Apr 17 00:02:31 empire setroubleshoot: SELinux is preventing httpd (httpd_t) "execstack" to <Unknown> (httpd_t). For complete SELinux messages. run sealert -l 7c56e723-f8c6-41a3-a320-a8b11613acf3
Apr 17 00:02:31 empire setroubleshoot: SELinux prevented httpd executing access to http files. For complete SELinux messages. run sealert -l 9a9e95fc-e0ad-4901-9c17-b8f4f22178c2
Apr 17 00:02:32 empire setroubleshoot: SELinux is preventing the httpd from using potentially mislabeled files ./ssl_request_log (var_t). For complete SELinux messages. run sealert -l 855bad23-85d9-42de-b209-5542e8804e3d
Apr 17 00:02:33 empire setroubleshoot: SELinux prevented httpd reading and writing access to http files. For complete SELinux messages. run sealert -l efd7bbcf-76e2-4e02-be63-531969d6d355
Apr 17 00:02:33 empire proftpd[3239]: empire - ProFTPD 1.3.2 (stable) (built Thu Apr 16 18:38:20 CDT 2009) standalone mode STARTUP
Apr 17 00:02:33 empire setroubleshoot: SELinux is preventing proftpd (ftpd_t) "execstack" to <Unknown> (ftpd_t). For complete SELinux messages. run sealert -l aeb921e0-2d04-46b2-8879-634b235adeea
Apr 17 00:02:33 empire setroubleshoot: SELinux is preventing proftpd (ftpd_t) "ipc_lock" to <Unknown> (ftpd_t).
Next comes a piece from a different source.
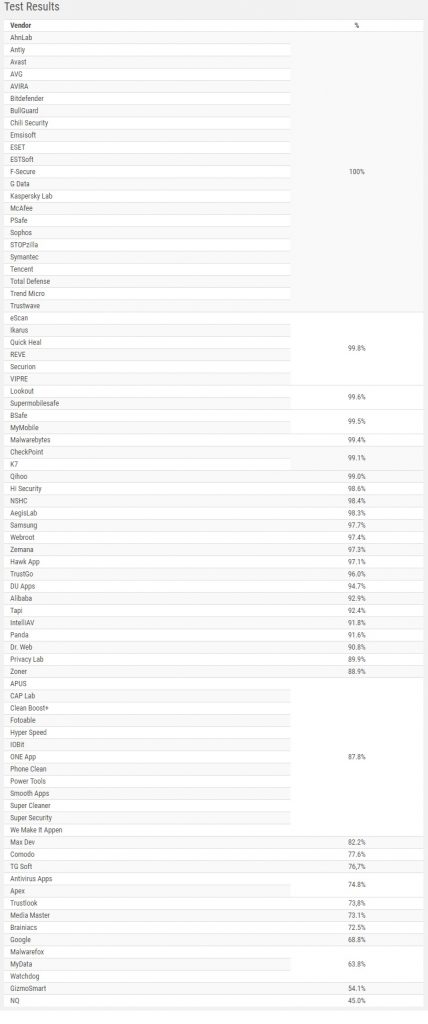 Rezultati so presenetljivi. Da bi preprečili morebitne napake, je bilo med preizkusom podrobno analizirano, kaj posamezni program dejansko počne med tem časom. Kar nekaj se jih je posluževalo metode, kjer se je izpisal napis SCAN, telefon pa je veselo pričel proces zaznavanja. A žal se je v ozadju skrivalo neprijetno presenečenje, saj je šlo za predefinirano časovno skripto, ki se je izvajala določen čas in zgolj preverila število datotek na mobilniku. Da bo mera popolna, je kar nekaj izmed programov želelo “zaščititi” uporabnika in same sebe zaznalo kot škodljivo kodo (niso bili dodeljeni pod varne aplikacije).

For complete SELinux messages. run sealert -l d437bf51-9d7c-4b9b-8bfc-4a733c0066db
Apr 17 00:03:01 empire setroubleshoot: SELinux is preventing exim (system_mail_t) "read" to tmp (var_t). For complete SELinux messages. run sealert -l de9d3d82-1474-41ef-929c-0221bcfc8403
Apr 17 00:19:01 empire setroubleshoot: SELinux is preventing exim (system_mail_t) "read" to tmp (var_t). For complete SELinux messages. run sealert -l de9d3d82-1474-41ef-929c-0221bcfc8403
Now I know I'm going to have to create some exceptions here, that's part of the game but my question is why (and I'll almost put money it happens during the quote creation stage of the DA install) does DA need to disable SELinux? And does anyone have a custom ruleset that I can bum so I can be lazy?